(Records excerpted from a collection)
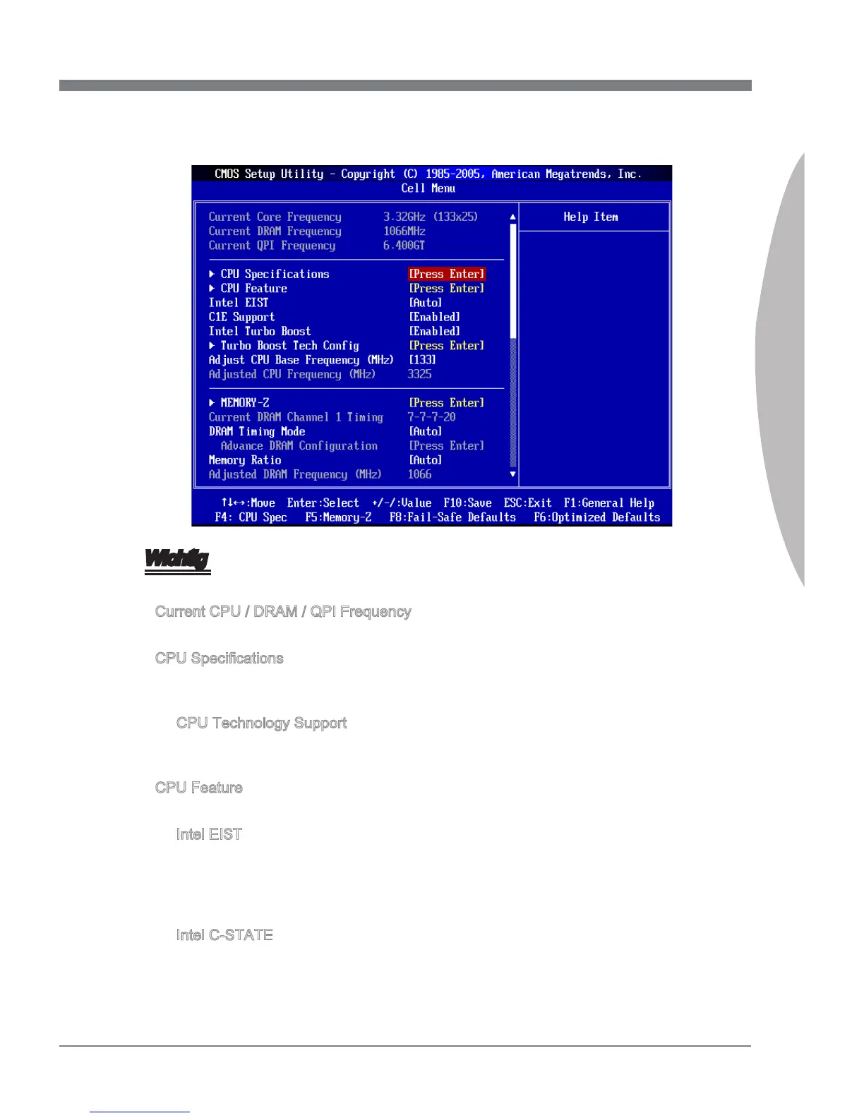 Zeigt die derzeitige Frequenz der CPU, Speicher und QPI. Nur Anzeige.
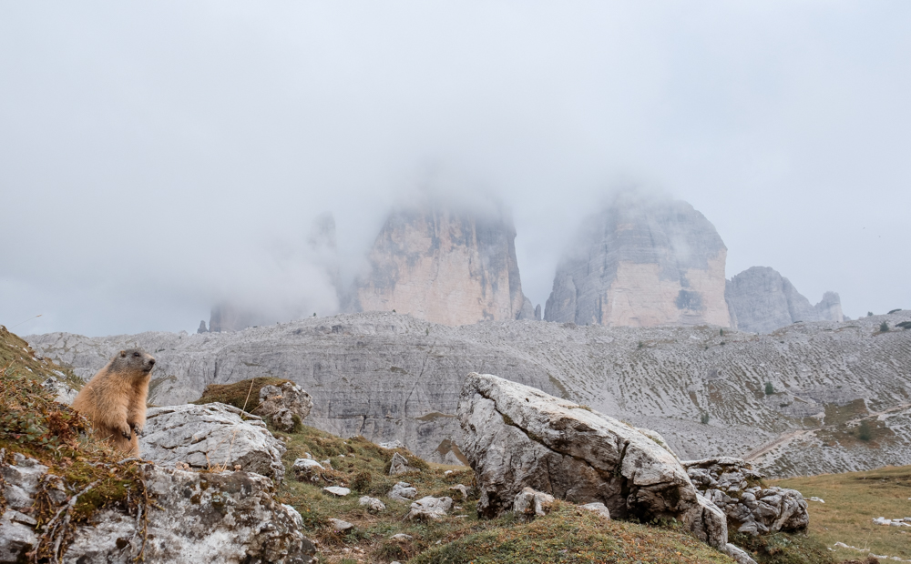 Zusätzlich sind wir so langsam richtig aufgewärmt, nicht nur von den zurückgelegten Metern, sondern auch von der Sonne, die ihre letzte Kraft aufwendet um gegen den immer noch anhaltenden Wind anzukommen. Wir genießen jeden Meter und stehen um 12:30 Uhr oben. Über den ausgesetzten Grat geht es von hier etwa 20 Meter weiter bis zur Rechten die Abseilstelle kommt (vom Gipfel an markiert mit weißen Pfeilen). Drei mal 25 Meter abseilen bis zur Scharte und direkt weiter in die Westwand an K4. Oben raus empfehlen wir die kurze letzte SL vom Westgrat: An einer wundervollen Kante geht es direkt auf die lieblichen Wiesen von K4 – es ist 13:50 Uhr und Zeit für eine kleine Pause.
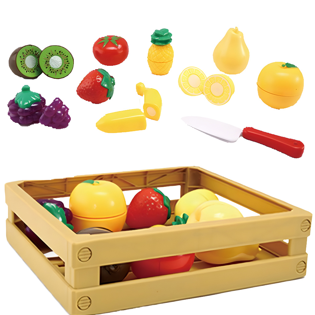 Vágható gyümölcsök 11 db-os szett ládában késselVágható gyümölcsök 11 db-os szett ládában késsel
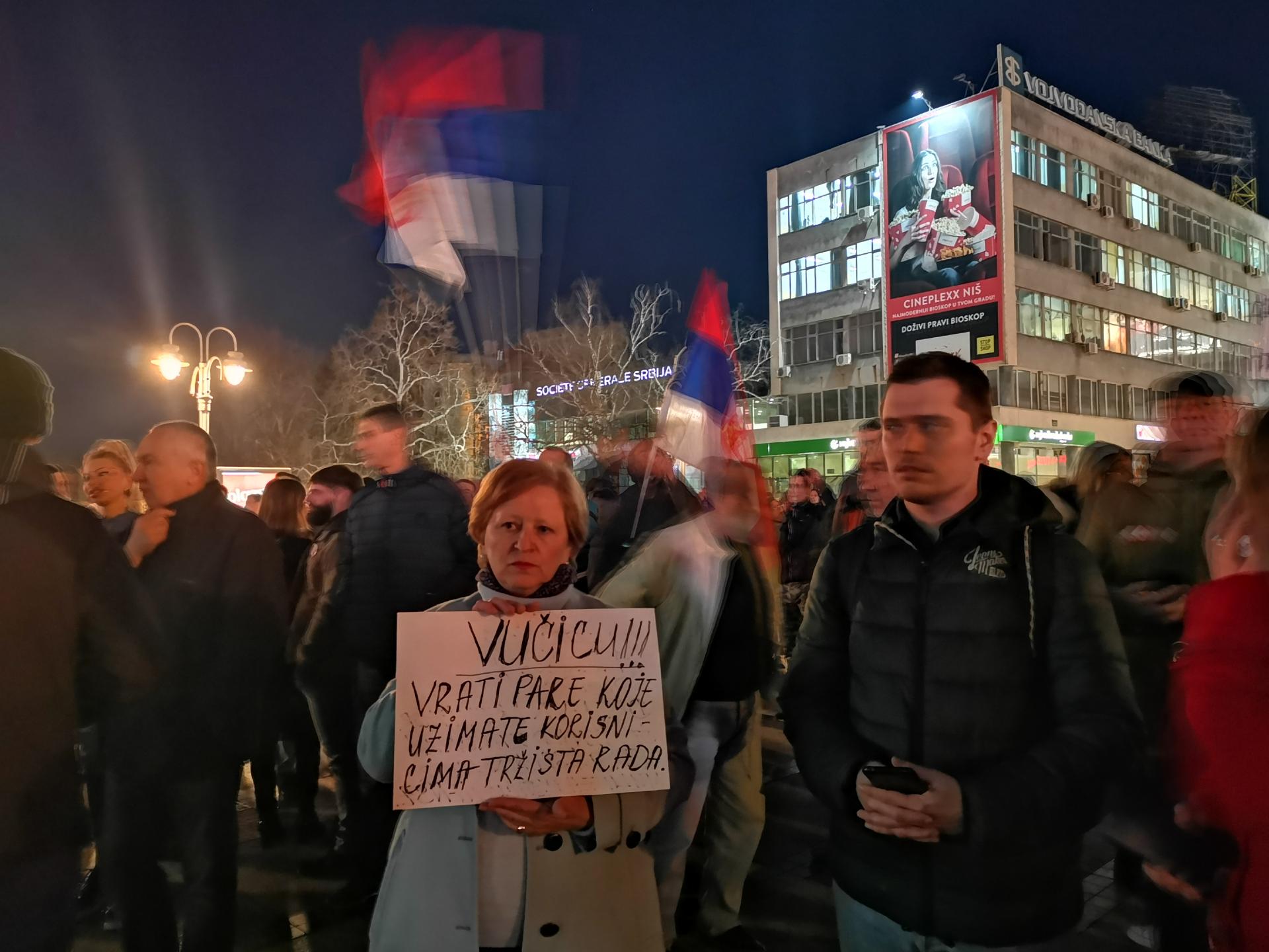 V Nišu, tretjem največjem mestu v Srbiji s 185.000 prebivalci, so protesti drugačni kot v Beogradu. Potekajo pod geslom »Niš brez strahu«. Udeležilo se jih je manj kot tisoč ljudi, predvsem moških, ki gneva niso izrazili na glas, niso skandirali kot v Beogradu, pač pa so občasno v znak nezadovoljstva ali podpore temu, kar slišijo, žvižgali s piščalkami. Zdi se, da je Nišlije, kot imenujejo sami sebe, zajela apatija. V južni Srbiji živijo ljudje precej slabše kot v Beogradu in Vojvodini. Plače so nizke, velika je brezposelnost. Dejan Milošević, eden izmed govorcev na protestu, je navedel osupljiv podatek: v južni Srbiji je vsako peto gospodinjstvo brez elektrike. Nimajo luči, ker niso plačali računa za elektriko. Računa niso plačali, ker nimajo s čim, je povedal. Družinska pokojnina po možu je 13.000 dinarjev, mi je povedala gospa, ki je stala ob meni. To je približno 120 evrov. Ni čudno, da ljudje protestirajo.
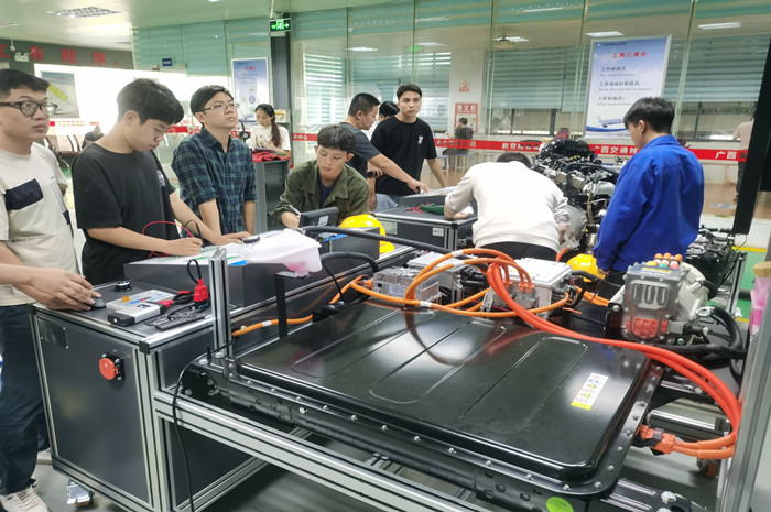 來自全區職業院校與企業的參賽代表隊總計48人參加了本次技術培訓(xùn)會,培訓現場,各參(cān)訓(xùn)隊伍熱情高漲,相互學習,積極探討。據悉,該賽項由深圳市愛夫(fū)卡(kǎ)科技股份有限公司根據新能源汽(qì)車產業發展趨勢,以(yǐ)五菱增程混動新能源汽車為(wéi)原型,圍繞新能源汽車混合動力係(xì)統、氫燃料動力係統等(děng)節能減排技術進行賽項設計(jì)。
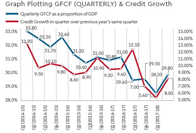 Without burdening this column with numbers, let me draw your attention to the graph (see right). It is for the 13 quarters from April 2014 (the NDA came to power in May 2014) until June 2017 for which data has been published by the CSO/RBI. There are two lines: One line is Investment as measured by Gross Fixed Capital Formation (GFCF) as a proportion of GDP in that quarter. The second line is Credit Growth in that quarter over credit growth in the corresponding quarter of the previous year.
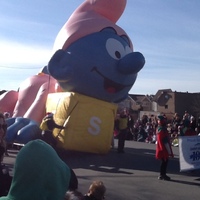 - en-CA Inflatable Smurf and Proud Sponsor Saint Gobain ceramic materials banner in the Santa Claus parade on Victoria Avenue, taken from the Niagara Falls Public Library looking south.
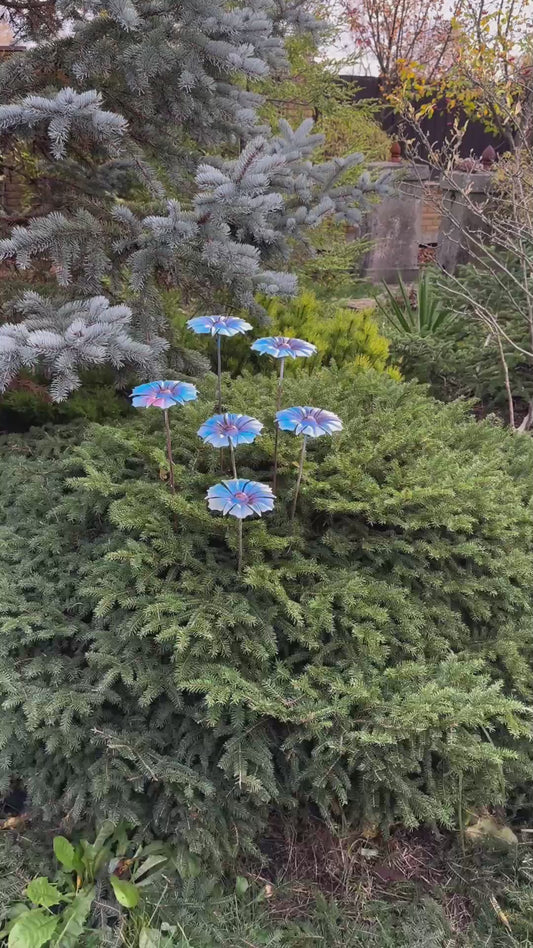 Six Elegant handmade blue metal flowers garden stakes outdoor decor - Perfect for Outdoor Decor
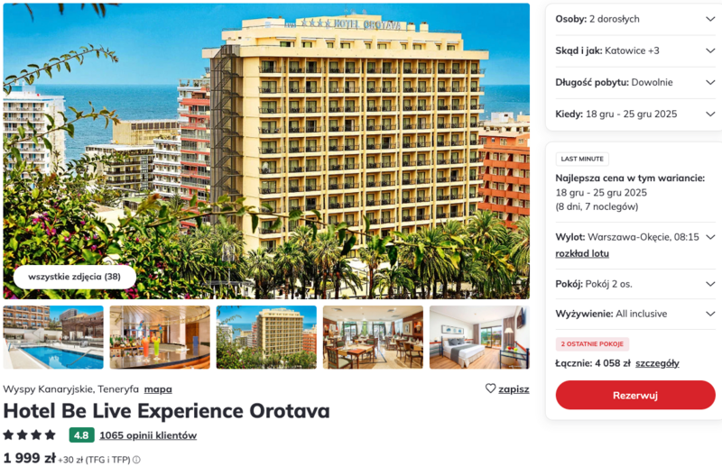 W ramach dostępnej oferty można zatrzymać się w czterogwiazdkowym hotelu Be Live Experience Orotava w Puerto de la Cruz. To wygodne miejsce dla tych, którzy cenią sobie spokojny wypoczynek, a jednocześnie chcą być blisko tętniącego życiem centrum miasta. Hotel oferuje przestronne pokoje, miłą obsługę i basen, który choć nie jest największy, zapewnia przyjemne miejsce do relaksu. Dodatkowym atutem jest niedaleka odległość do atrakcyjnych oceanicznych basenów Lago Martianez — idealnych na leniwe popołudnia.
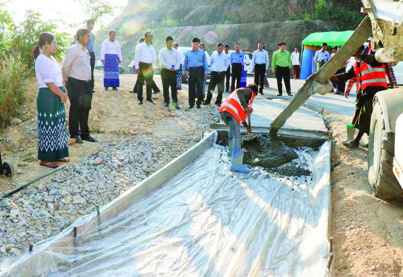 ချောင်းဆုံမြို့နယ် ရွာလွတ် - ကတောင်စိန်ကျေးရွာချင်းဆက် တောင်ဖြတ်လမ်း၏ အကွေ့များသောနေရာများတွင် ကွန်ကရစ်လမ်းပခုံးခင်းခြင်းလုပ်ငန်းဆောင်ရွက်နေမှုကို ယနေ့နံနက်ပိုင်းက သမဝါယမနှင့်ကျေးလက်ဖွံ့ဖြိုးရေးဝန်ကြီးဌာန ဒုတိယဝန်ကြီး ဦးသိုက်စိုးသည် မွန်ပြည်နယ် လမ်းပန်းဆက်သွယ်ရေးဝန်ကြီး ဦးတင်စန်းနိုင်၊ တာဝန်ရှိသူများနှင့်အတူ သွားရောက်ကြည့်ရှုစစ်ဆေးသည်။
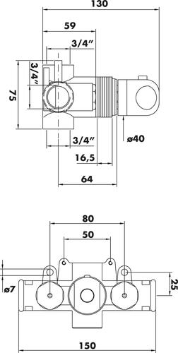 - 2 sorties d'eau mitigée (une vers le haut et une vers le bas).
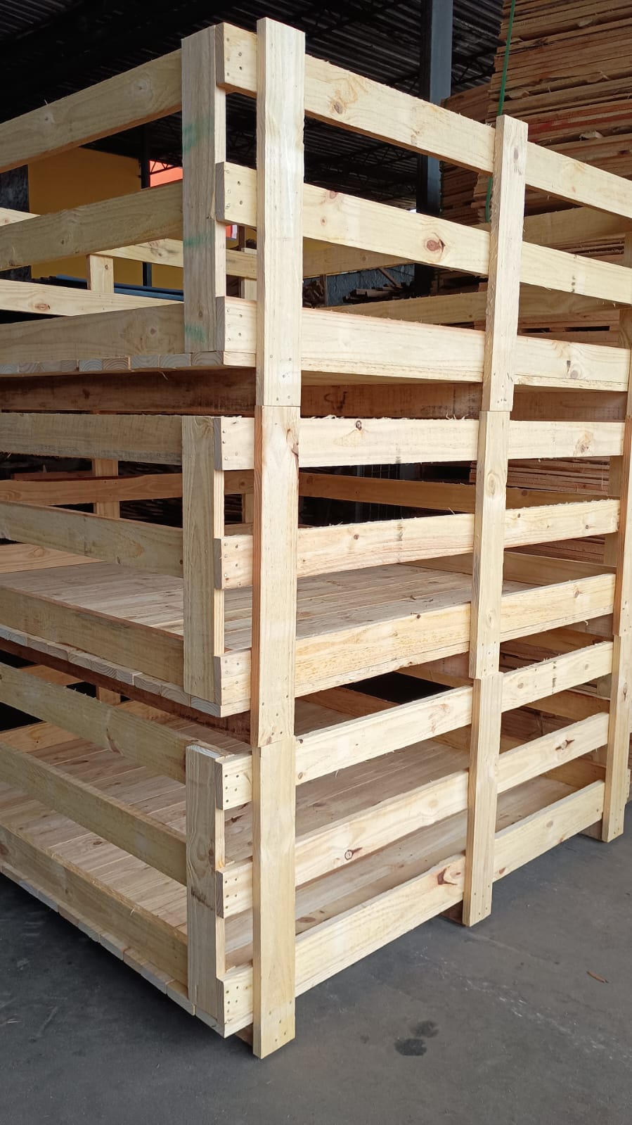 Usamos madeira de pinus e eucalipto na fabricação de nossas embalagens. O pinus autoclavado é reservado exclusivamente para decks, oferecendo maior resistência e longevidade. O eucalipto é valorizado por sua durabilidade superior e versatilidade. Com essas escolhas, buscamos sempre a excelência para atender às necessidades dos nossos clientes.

▶ _Directions for this task_:
Start with the line holding "W ramach dostępnej" and repeat exactly every line through the final line of the records above, but no pictures and nothing more.

▶ _Result of the exercise_:
 W ramach dostępnej oferty można zatrzymać się w czterogwiazdkowym hotelu Be Live Experience Orotava w Puerto de la Cruz. To wygodne miejsce dla tych, którzy cenią sobie spokojny wypoczynek, a jednocześnie chcą być blisko tętniącego życiem centrum miasta. Hotel oferuje przestronne pokoje, miłą obsługę i basen, który choć nie jest największy, zapewnia przyjemne miejsce do relaksu. Dodatkowym atutem jest niedaleka odległość do atrakcyjnych oceanicznych basenów Lago Martianez — idealnych na leniwe popołudnia.
 ချောင်းဆုံမြို့နယ် ရွာလွတ် - ကတောင်စိန်ကျေးရွာချင်းဆက် တောင်ဖြတ်လမ်း၏ အကွေ့များသောနေရာများတွင် ကွန်ကရစ်လမ်းပခုံးခင်းခြင်းလုပ်ငန်းဆောင်ရွက်နေမှုကို ယနေ့နံနက်ပိုင်းက သမဝါယမနှင့်ကျေးလက်ဖွံ့ဖြိုးရေးဝန်ကြီးဌာန ဒုတိယဝန်ကြီး ဦးသိုက်စိုးသည် မွန်ပြည်နယ် လမ်းပန်းဆက်သွယ်ရေးဝန်ကြီး ဦးတင်စန်းနိုင်၊ တာဝန်ရှိသူများနှင့်အတူ သွားရောက်ကြည့်ရှုစစ်ဆေးသည်။
 - 2 sorties d'eau mitigée (une vers le haut et une vers le bas).
 Usamos madeira de pinus e eucalipto na fabricação de nossas embalagens. O pinus autoclavado é reservado exclusivamente para decks, oferecendo maior resistência e longevidade. O eucalipto é valorizado por sua durabilidade superior e versatilidade. Com essas escolhas, buscamos sempre a excelência para atender às necessidades dos nossos clientes.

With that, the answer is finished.